I’m gonna fuck you up

I’ve always wondered what makes fights in movies and TV look unreal and lacking. I understand that action movies aren’t exactly the ideal indicator of real, but I’ve always thought that even in drama movies where there is supposed to be a sense of “real”, it is always off in some way. Sure, we’ve made a bit of progress since Captain Kirk fought the Gorn, but most Hollywood directors just straight up get it wrong when they’re trying to get it right, so I compiled lists of what makes fight scenes look unreal and what elements they’re missing from real life fights.

What Makes Fight Scenes Look Unreal:
-Stupid ass bad guys. Why is it that when a group of guys fight the hero, none of them know how to attack at the same time instead of sequentially?
-Laughable power differentials
-Unbelievable dialogue
-Perfect settings
-The fact that this is a movie and that everything is choreographed

What’s Missing:
-A lack of control
-Punches that are missed not because the super cool guy can dodge that fast but because in real life, people sometimes punch air
-The word “bitch” being uttered every 10 seconds

You know what’s producing the fight scenes people actually like? WorldStarHipHop. Specifically those WorldStarHipHop fight compilation videos. If you don’t know what I’m talking about, that’s okay; it just means you don’t squander your time on facebook pages watching vine videos and are a more functional human being than everyone else.

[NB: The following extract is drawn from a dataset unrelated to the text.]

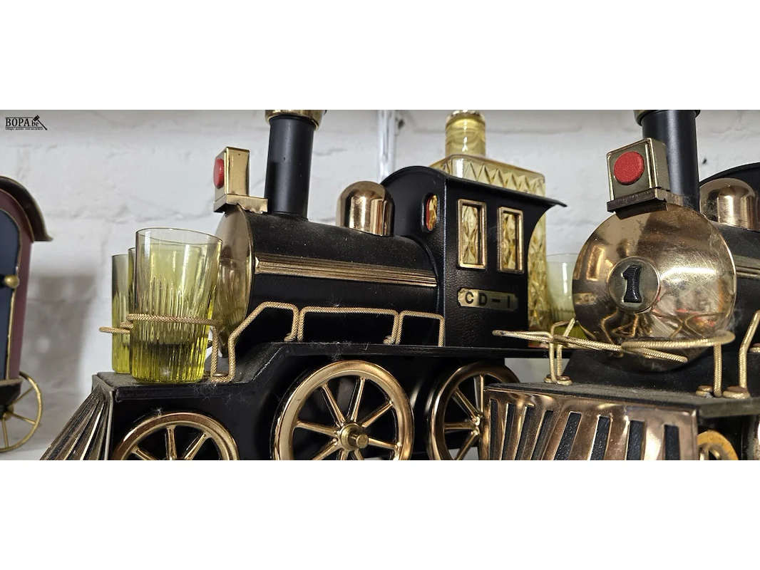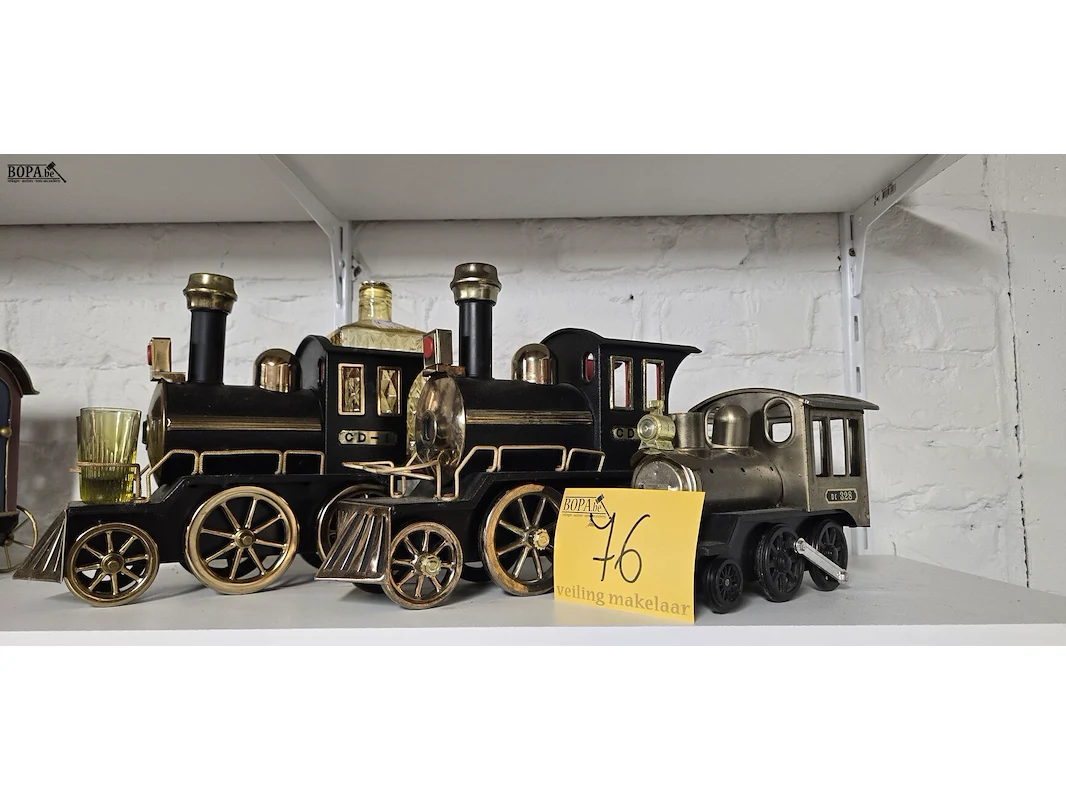 Metalen locomotieven waarvan 1 met fles en glaasjes

Tweets, vines, snapchats, etc. are basically the freebased derivatives of internet media; when you freebase anything viral, they usually end up on these channels that spread like crack. And these fight compilations, these real fights, these are crack. They spread through the inter-tubes faster than fire because people love it. Watching two kids fight behind the dumpster at school used to be a reason to ditch first period. The best part of football games is the tailgate party where you get to watch some douche fuck up some chode. You can enjoy these adrenaline pumping moments from the comfort of your computer screen but I mean, if you were in one of those fights, those motherfuckers wouldn’t be running their mouths after getting dropped like a sack of bricks, am I right? The next time you’re on one of those videos, take a look at the comments. Half the dudes think they were there. (Seriously, don’t read the comments. You may as well take a bat to the head.)

Of course enjoying a good ol’ fistfight is nothing new. There has always been a primal obsession with watching a dude getting rocked, but film and TV always get it wrong. People like watching real fights more than watching Jack Reacher karate chop a couple of retards because that shit’s fake, son. The element of genuine aggression — that primal feeling — it seems to always be lacking. That’s what makes us drawn to fights in the first place. They are unwritten litmus tests to see who is a man and who isn’t, whether or not we will admit it.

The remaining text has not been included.